You should defiently keep this boy. He is a looker. BEAUTIFUL...too bad you are in Aussie because if you did sell him maybe my mom would be interested in having him,.


----------



## palominolover (Apr 28, 2010)

Wow he's a looker for sure :shock:. What a STUNNINGLY handsome boy.


----------



## Kayty (Sep 8, 2009)

Gidget said:


> I think you look good! You are not chunky.
> 
> You should defiently keep this boy. He is a looker. BEAUTIFUL...too bad you are in Aussie because if you did sell him maybe my mom would be interested in having him,.


I'm not big, but because I have really short legs, any extra weight is really apparent when I get in the saddle. The more bulk is under your leg, the harder it is to allow the leg to hang quietly. I've noticed it in the past when I've put on a bit of weight and lost it again, the difference in my riding. Ah well, will be back to pilates and gym shortly!
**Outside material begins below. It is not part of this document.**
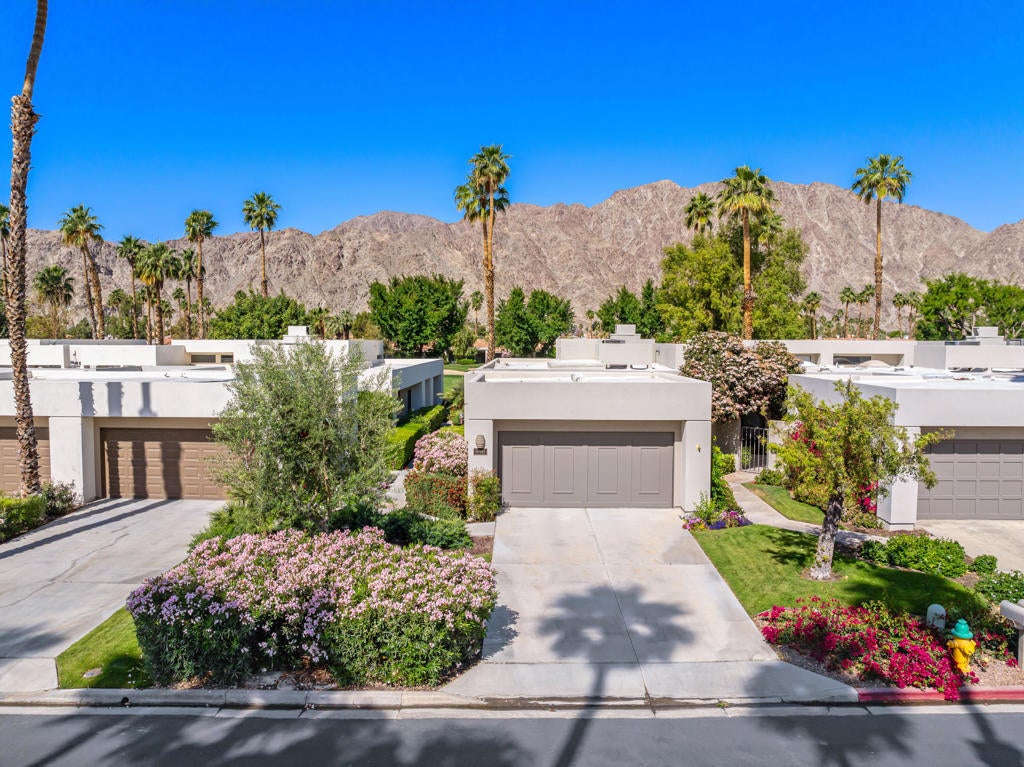 This charming Champion 3 Floor Plan ( 1,627 sq ft) located on the 8th hole of the Palmer Private at PGA WEST has exceptional views of the night lit Santa Rosa Mountains! This terrific plan hosts 3-bedrooms, 2-bathrooms and is packed with amenities designed for comfort and leisure. As you step inside, you'll be greeted by bright, airy spaces enhanced by soaring 13 ft ceilings. The living area features a stunning stone fireplace installed in 2023, perfect for cozy evenings. The built-in bar with a beverage fridge is ideal for entertaining guests. The remodeled kitchen is a cook's delight with a gas range plus upgraded cabinets and stainless steel appliances. Other enhancements include plantation shutters, new Wi-fi controlled thermostat and keyless entry system, adding convenience to your lifestyle. In 2022, a new AC was installed, keeping the home comfortable year-round, and a new water heater was added in 2024. Venture outside to discover a space crafted for relaxation. Relish in the mountain views and breathtaking sunsets from your private outdoor area. Enjoy cooking outdoor meals while entertaining family and friends with your new Weber gas grill which was installed in 2023. This condo is move-in ready and sold turnkey furnished per inventory.

Haha well, I've already got a handful of 'buyers' lined up that just love him! Every time my coach sees him, she reminds me that I got the bargain of the century and that he is worth every bit of $15 000 as is, in 12 months time he'll be worth a reasonable amount! Though he naturally wants to be on the forehand and not swing his back, under saddle he is becoming so loose and is able to use his back for longer periods of time. I'm very excited about taking him out to compete now, I'll be entering for just a preliminary in June to see how he goes, and if all goes well the aim is to qualify for the Spring Dressage Champs in October. So I've got a lot of work to do in the mean time!


----------



## Kayty (Sep 8, 2009)

Special little guy, so much improvement in just a few weeks. Each week he improves hugely from the previous week. Last week I struggled with him blocking in my right hand from not reacting with his right hind. Spent this week working on it, had my lesson today, and reaction to the leg was brilliant and barely any blocking in my hand 
Starting to come back to my seat, still a way to go in canter but so much better in trot, he's so much freer and willing to go forward, just beautiful to ride .I'm a lucky, lucky, lucky girl!


----------



## Ne0n Zero (Dec 25, 2008)

Wow what a gorgeous horse @[email protected]


----------



## Kayty (Sep 8, 2009)

May as well add a few to this thread instead of starting a new one - can you tell I'm rather smitten with this horse *goes red*
He may have slightly too short front legs, but he certainly makes up for it in his ability to bend the joints through his hind legs!


----------



## PintoTess (Aug 18, 2010)

Nice little guy


----------



## Skyseternalangel (Jul 23, 2011)

You guys look so happy and so beautiful together. I'm ever so thrilled for you, Kayty!!!


----------



## paintluver (Apr 5, 2007)

He is GORGEOUS! I want him ahhaha!


----------



## QHriderKE (Aug 3, 2011)

Sphiggy???? That's a pretty stellar name! LOL... especially cause my mare is named Squiggy  

He's so pretty! I love bays!


----------